Ocean Drifters: Bringing Technology Engineering into the Science Classroom
October 31, 2017 - If you walked into an eighth grade science classroom at the Rupert A. Nock Middle School this Halloween day, you may have been surprised to see twenty to twenty-five students fully engaged in a hands-on building project and discussing prototype design. You may have wandered around the room looking to find that one renegade student plotting out their trick- or -treat route or informing their peers about who gives out the full-size candy bars on their street. However, this off-topic student would have been hard to find during the ocean drifter unit.
As you walked around the room, you found that some students were measuring and hopefully re-measuring wooden dowels and canvas pieces, other students were adjusting their budget and counting their bright yellow money, some students were leaving the room to travel to the pre-engineering room for materials and advice, and finally other students who were simply grappling with marine glue.
Since the 2014 - 2015 school year, we have taught a curriculum unit around ocean drifters as a collaborative process between the eighth grade science teachers and the middle school’s pre-engineering teacher. The three of us participated in a STEM certification course together at Parametric Technology Corporation that did not require us to incorporate community-based education, but rather, asked us to create real-world problems for our students to solve. We were incredibly pleased to create a unit that combined both community-based education and a real-world problem that directly affects our coastal community. In fact, upon further exploration, the two seemed to flow together seamlessly.
The ocean drifter unit is spread out over a two- to three-week period.
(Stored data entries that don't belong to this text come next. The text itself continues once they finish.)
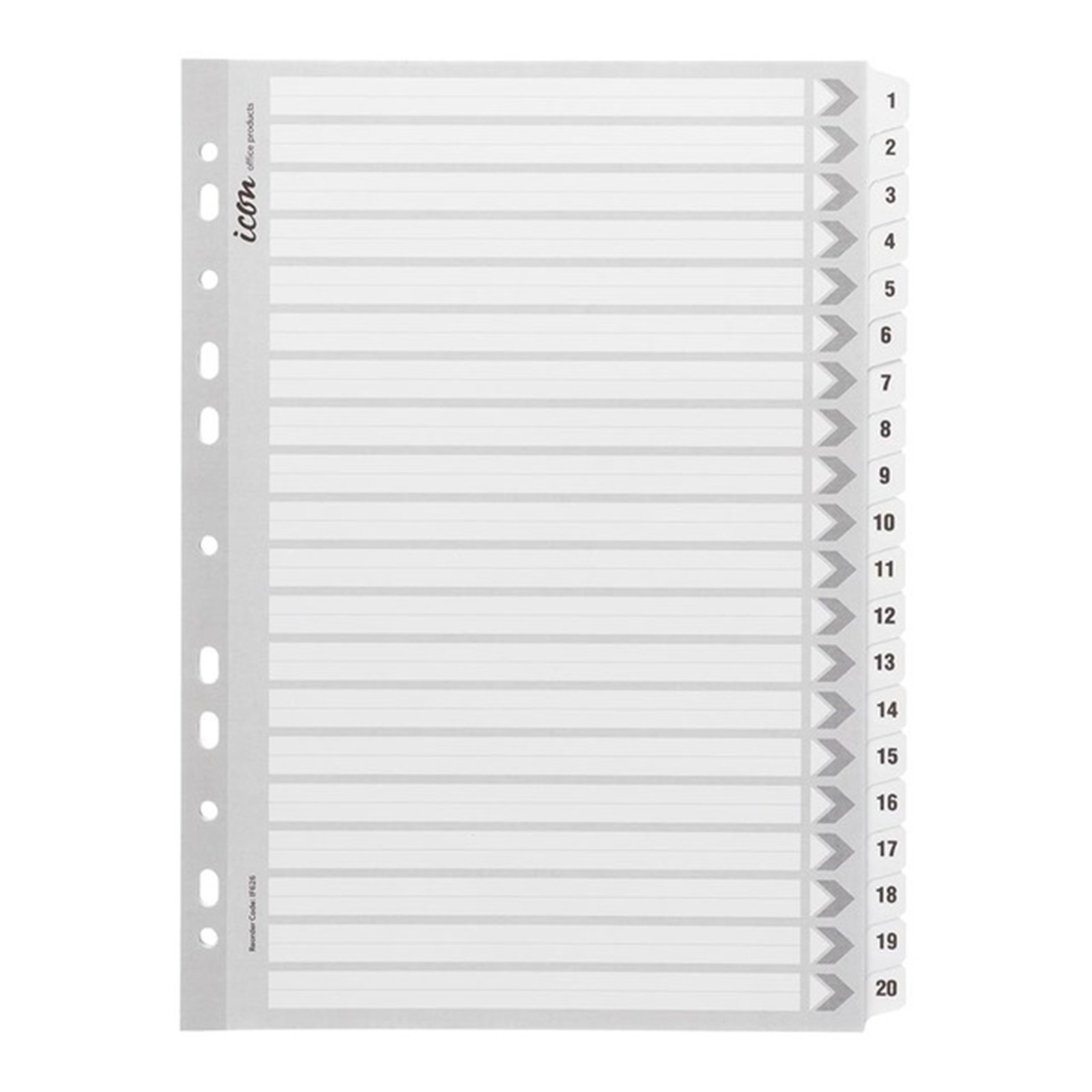 Icon Cardboard Indices with Reinforced Tabs - 1-20 - White
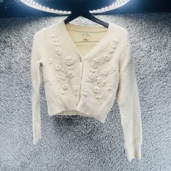 Womenβs Jessica Simpsons Ivory Hand Beaded Cardigan Sweater Size Small Flowers$15San Diego, CA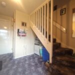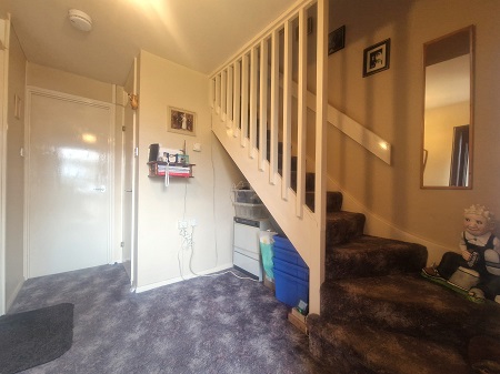 uPVC door with translucent glazed panels opening into a spacious lower hallway; carpeted; space for furniture; doors to the lounge and kitchen; two capacious storage cupboards, both with lighting, shelving and wall mounted coat hooks – electricity meter and consumer unit within the first at bottom of stairs.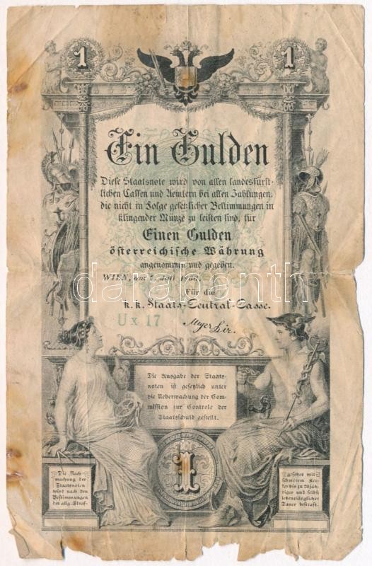 Austrian Empire 1866. 1 G... https://www.darabanth.com/hu/327-Gyorsarveres/327.0/Numizmatika/Magyar-bankjegyek~2000007/1866-1G-STN-vizjeles-TIII-IV-Austrian-Empire-1866-1-Gulden-STN-watermark-CVG-G-Adamo-G97~II1818332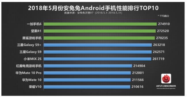 Nel nuovo 2018, Xiaomi Black Shark, creato appositamente per i giochi sul dispositivo, è stato riconosciuto come il miglior smartphone in termini di prestazioni. Il suo punteggio è stato di 287759 punti.

In order to introduce the unit, guests from the Gulf of Maine Institute as well as previous students who have designed and built ocean drifters present some introductory information to the eighth grade students. These presentations set the tone for the work that students will complete and let them see the real world implications of this project. On a basic level, these presentations also review major issues currently found in the Gulf of Maine and the importance of data collection in our oceans.
After these presentations, students are asked to work in a small group on concept development. Before students are given any type of design parameters, they are asked to think of creative ways to collect data in order to find out more about the issues found in the Gulf of Maine. This stage emphasizes imaginative thinking as students are encouraged to ignore any logistical concerns they may have.
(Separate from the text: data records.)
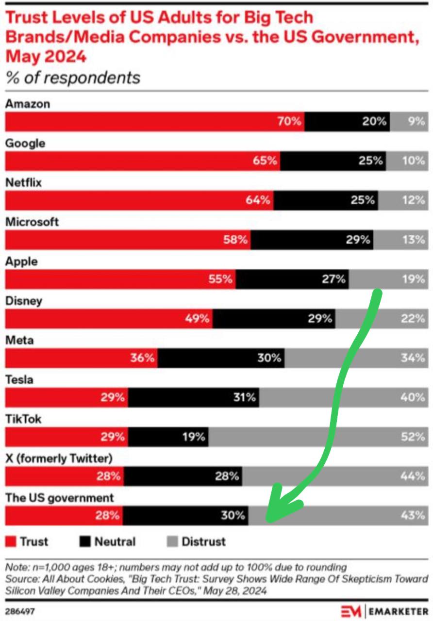 🤓 Взрослые американцы больше доверяют технологическим и медиа-компаниям, а не правительству США.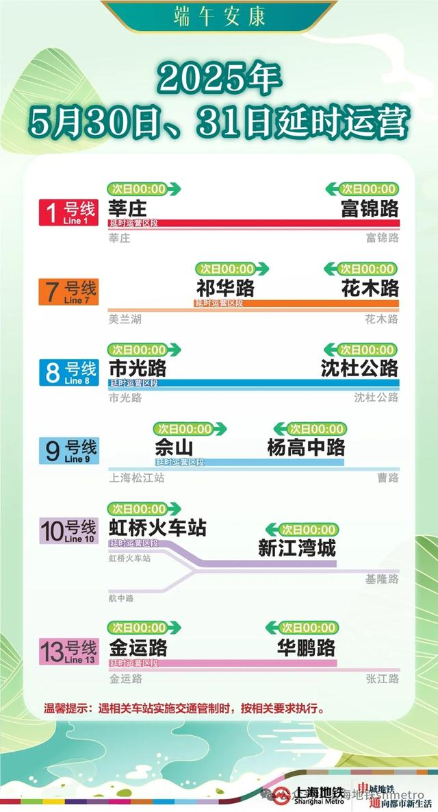 5月30日、31日,上海地铁1、7、8、9、10、13号线六条线路,实施常态周五周六延时运营。
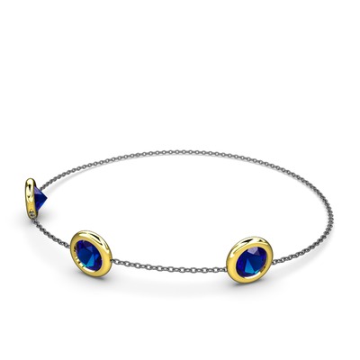 Lab safir 14 ayar altın bilezik (40 cm gümüş rolo zincir)
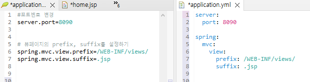 -application.properties 외에도 일반 파일에 .yml확장자로 새로운 파일을 만들어서 아래와 같이 만들어도 servlet-context.xml에서 설정하는 것과 같은 설정을 할 수 있다.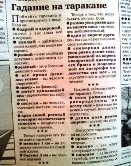 Ребят! Кто одолжит таракана погадать на себя? Верну с процентами.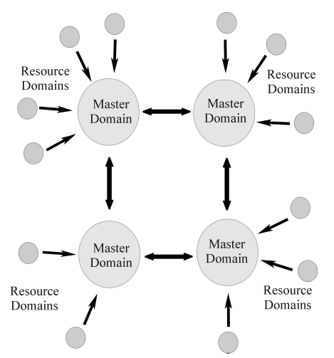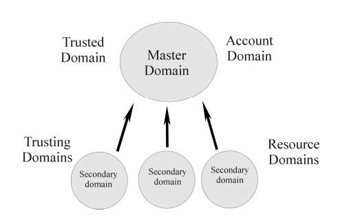 Administration of user accounts and resources are in separate domains. Resources are managed locally on the trusting domains, while user accounts are controlled on the trusted master domain. The master domain model is used in organizations with less than 10,000 users. The number of

Once students share their “out of the box” ideas, they are assigned partners and given the guidelines for their ocean drifter prototypes. Students are informed that the pair who builds the strongest prototype from each class, as determined by the provided scoring guide, will have the opportunity to build an actual ocean drifter that will be launched in the Gulf of Maine. Students become highly motivated by both the competitive nature of this task and its real world application.
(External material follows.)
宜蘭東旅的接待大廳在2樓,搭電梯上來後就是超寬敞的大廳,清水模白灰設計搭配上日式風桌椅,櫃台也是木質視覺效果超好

During the next two class periods, students spend the majority of their time designing their ocean drifter prototypes, developing a detailed budget, and shopping at the makeshift drifter prototype store set up in the classroom. Each pair of students is given $100 in bills that resemble monopoly money and every item students may want to purchase to build their prototypes is given a dollar value. For example, an 8 x 11 piece of canvas is $25, while a styrofoam ball is only $10.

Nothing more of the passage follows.